Epitopes for cytotoxic lymphocytes bind to MHC class I molecules, and, in the context of MHC, are specifically recognised by T-cell receptor. It is generally accepted that T-cell epitopes may be divided into strong, moderate and weak, depending on their ability to effectively trigger the CTL reaction against the target.
Thinking about the vaccine that includes individual CTL epitopes, one would like to have means to select only strong epitopes, as this defines the effectiveness of the response in a vaccine recipient: the presence of the weak epitopes may abolish the response altogether .
One of the key features of a strong epitope is a strong binding of the peptide to the groove of MHCI and, possibly, TCR. We have previously demonstrated that our program EpiQuest-T, based on peptide sequence analysis (see the previous blog), can discriminate strong epitopes from the weak and negative ones. However, as we have used the definitions of strong/weak epitopes as were assigned by IEDB, it was unclear what exactly defines those qualities of the epitope peptides.
The group of Prof. T. Elliott has previously developed several derivatives of the original mouse CTL epitope and demonstrated their different activity in ability to induce CTLs, likely related to the affinity of the peptides to MHCI [2,3]. We have analysed the AGI (antigenicity index) of these epitopes using EpiQuest-T software and compared the obtained data with the relative activity of the epitopes. The results clearly show a strong correlation between the activity of epitope and the AGI index (see Fig.1)

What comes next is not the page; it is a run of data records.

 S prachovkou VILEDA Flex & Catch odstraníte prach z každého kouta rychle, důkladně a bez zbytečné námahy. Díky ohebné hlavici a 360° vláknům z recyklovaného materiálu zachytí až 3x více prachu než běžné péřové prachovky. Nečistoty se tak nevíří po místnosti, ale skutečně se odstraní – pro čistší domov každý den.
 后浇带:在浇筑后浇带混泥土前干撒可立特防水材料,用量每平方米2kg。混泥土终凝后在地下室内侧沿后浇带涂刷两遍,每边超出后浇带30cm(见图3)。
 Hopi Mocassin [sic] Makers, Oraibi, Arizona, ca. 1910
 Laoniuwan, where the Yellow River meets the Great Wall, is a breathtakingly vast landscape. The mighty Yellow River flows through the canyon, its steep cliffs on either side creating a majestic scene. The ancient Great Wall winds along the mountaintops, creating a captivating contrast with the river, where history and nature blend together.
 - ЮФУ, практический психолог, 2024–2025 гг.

These results suggest the applicability of EpiQuest-T to analyse the relative “strength” of the preselected CTL epitopes and of their derivatives, obtained by point mutations of some the amino acids.

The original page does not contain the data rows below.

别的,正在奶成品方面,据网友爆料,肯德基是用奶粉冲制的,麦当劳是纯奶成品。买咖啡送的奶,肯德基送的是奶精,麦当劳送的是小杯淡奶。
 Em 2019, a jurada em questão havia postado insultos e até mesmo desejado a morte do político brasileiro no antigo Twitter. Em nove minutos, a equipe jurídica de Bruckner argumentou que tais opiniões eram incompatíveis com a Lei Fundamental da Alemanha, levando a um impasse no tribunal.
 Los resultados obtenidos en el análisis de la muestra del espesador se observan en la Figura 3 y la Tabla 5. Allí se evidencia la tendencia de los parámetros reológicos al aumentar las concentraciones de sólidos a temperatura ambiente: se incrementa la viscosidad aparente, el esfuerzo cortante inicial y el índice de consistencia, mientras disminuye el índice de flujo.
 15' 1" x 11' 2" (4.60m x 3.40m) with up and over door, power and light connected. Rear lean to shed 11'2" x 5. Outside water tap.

Fig.1. Immunodominance hierarchies of several related epitopes and their antigenicity index.
C57BL/6 mice were immunized by intramuscular injection with pDUO encoding the peptide variants indicated below. After 12 days, the number of SIINFEKL‐specific T cells induced was measured directly ex vivo by IFN‐γ ELISPOT. The results shown are combined from at least two separate experiments, with each data point representing an individual mouse. Horizontal bars depict group means. For the sequences of the peptides, the AGI indexes were determined using EpiQuest-T program and H2kB-specific matrix.It can be clearly seen that ability of a peptide epitope to induce CTL response correlates with the AGI index predicted by EpiQuest-T.

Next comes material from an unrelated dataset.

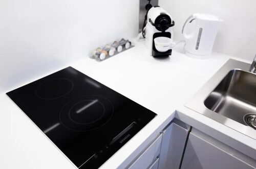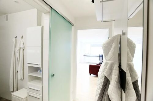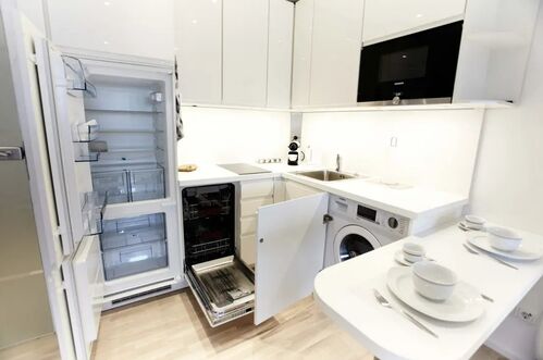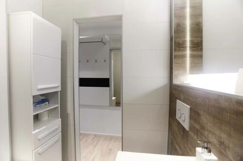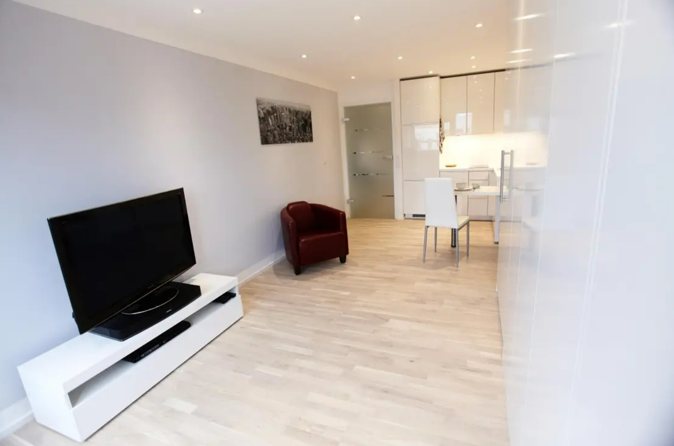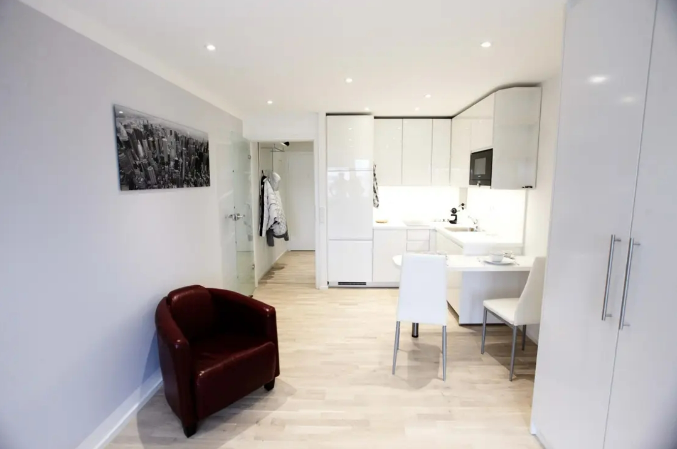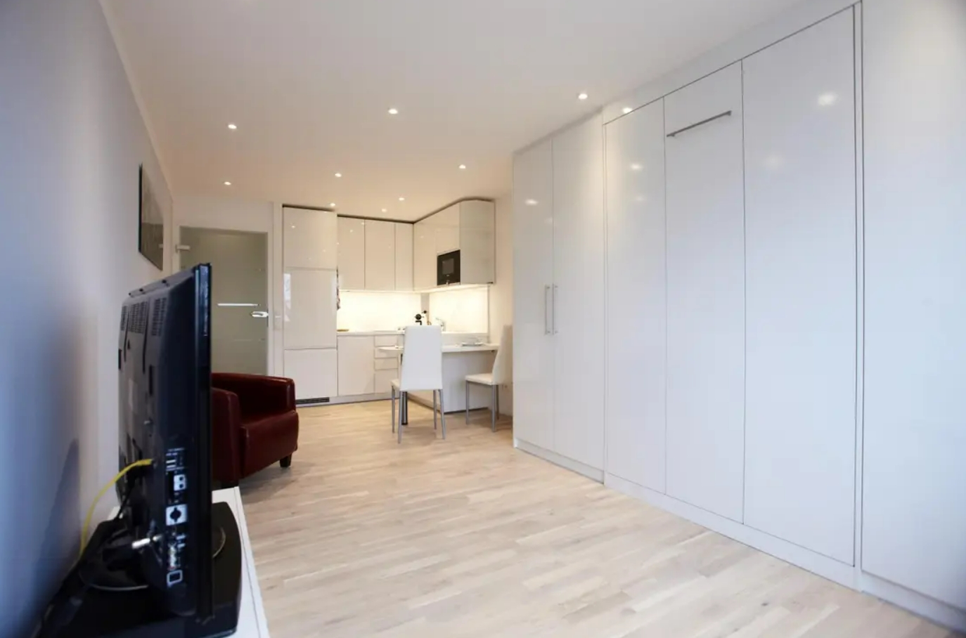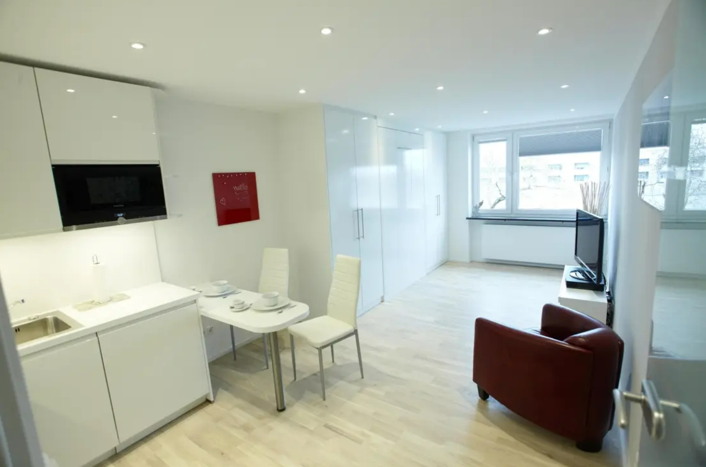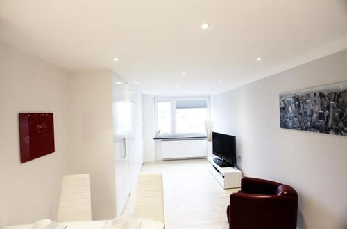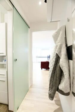 Die Wohnung ist komplett möbliert und sofort bezugsbereit. Der Wohnbereich ist mit hochwertigem Eichenparkett ausgestattet. Ein großer Einbauschrank bietet viel Stauraum und integriert ein komfortables Bett (120 x 200 cm) mit orthopädischer Matratze. Die moderne Einbauküche verfügt über hochwertige Siemens-Geräte, darunter Cerankochfeld, Geschirrspüler, Grill-Mikrowellen-Kombination, Kühlschrank mit separatem Gefrierfach sowie einen Waschtrockner in der Wohnung. Küchenutensilien und Geschirr sind ebenfalls vorhanden.

 Chung, B., Stuge, T.B., Murad, J.P., Beilhack, G., Andersen, E., Armstrong, B.D., Weber, J.S., and Lee, P.P. (2014). Antigen-Specific Inhibition of High-Avidity T Cell Target Lysis by Low-Avidity T Cells via Trogocytosis. Cell Reports 8, 871–882.
 Howarth, M., Williams, A., Tolstrup, A.B., and Elliott, T. (2004). Tapasin enhances MHC class I peptide presentation according to peptide half-life. Proc Natl Acad Sci U S A 101, 11737–11742.
 Thirdborough, S.M., Roddick, J.S., Radcliffe, J.N., Howarth, M., Stevenson, F.K., and Elliott, T. (2008). Tapasin shapes immunodominance hierarchies according to the kinetic stability of peptide – MHC class I complexes. European Journal of Immunology 38, 364–369.